Contemplant cela il peut, en tant qu’animateur et donc « présidant » à la conduite de la lecture, authentifier que cette lecture a été « bonne » pour les lecteurs en tant que l’ensemble du processus s’avère savoureux et apte à permettre de reconnaître la « gloire » de Jésus. En tant que « président », il lui revient de reconnaître, à son échelle, un don venu d’ailleurs, par les effets dans des corps.
Mais par ailleurs, en tant que sémioticien, de même que la « mère » de Jésus, il est celui qui, clairvoyant sur le manque et le désir de Parole qui règne dans les cœurs humains, s’adresse aux lecteurs en leur disant : « Faites tout ce que le texte vous dira. » Dans ce sens, la sémiotique est la modalité de lecture qui équivaut aux consignes données par Jésus : remplir les jarres pour les ablutions, puiser et porter sont autant de mouvements qui décrivent le cheminement par lequel les figures du texte, ancrées dans l’ancienneté de ce qu’elles contiennent, sont reconfigurées dans du nouveau vin. Tout cela convie l’animateur à un chemin d’humilité qui le rapproche de celui de Jésus : la gloire de l’animateur ne tient pas à la réussite de son animation, mais au fait que les lecteurs ont pu, à la fin de leur lecture, se tourner vers le « marié » pour le louanger.

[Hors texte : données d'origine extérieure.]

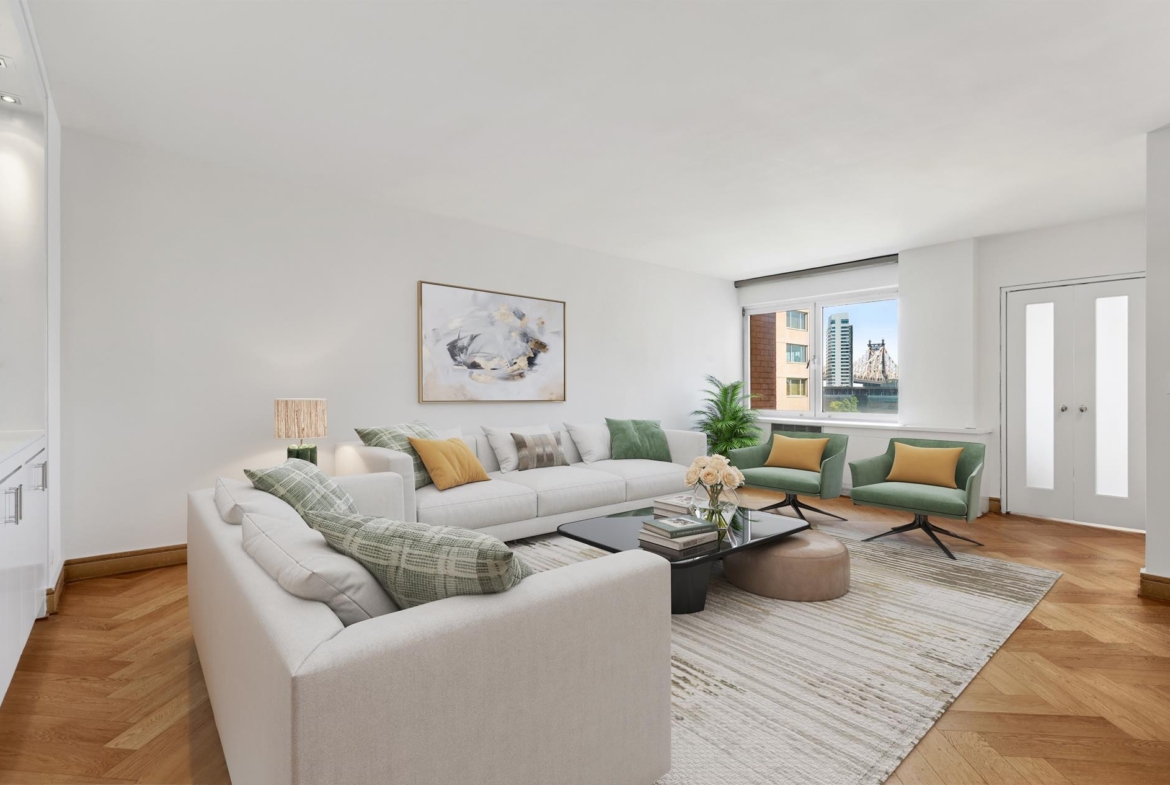Presenting a River View, Move-In condition Estate Sale opportunity at Cannon Point North. This oversized (approximately 1000 sq ft) 1 bedroom, 1 1/2 bathroom apartment features stunning East River Views from the Living Room. Upon entering apartment 6L, you will immediately notice how spacious the open plan living and dining area are. The bedroom with en-suite bathroom and large walk in closet can easily take on King Size bedding and furniture. The Dining Area will allow you to host a dinner for 8. Recent renovations included solid wood, Herringbone flooring throughout. The bathrooms and kitchen are in excellent condition. The storage and closet space is superb. Freshly painted and ready for new ownership. The price is right and the monthly maintenance which includes gas and electric is low. Cable and Internet are bulk purchased. This is the perfect Sutton Place home or pied e terre!

En cela l’animateur, à sa façon, rejoint le champ pastoral, en faisant de son animation le moment où l’eau est remplie à pleines jarres et puisée à pleins vases pour qu’elle puisse circuler et atteindre les intendants disposés à la goûter. A sa place et en restant strictement à sa place, il contribue à faire en sorte que la Parole puisse circuler jusqu’aux « extrémités de la terre ». En cela, l’animation d’une lecture sémiotique devient à son tour « pastorale », lieu où les infimes décisions de parole de l’animateur construisent, s’il parvient à les ajuster, un « corps de parole », celui d’un groupe de lecteurs.
Notes
[1] Par « Parole » sera désignée une énonciation originelle située à la racine de la « parole » échangée entre sujets humains et se manifestant au travers de cette dernière.
[2] Les parents en savent quelque chose lorsqu’ils apprennent, patiemment, à leurs enfants à maîtriser certaines de leurs réactions les plus impulsives et spontanées. En cela ils les aident ni plus ni moins qu’à grandir en liberté.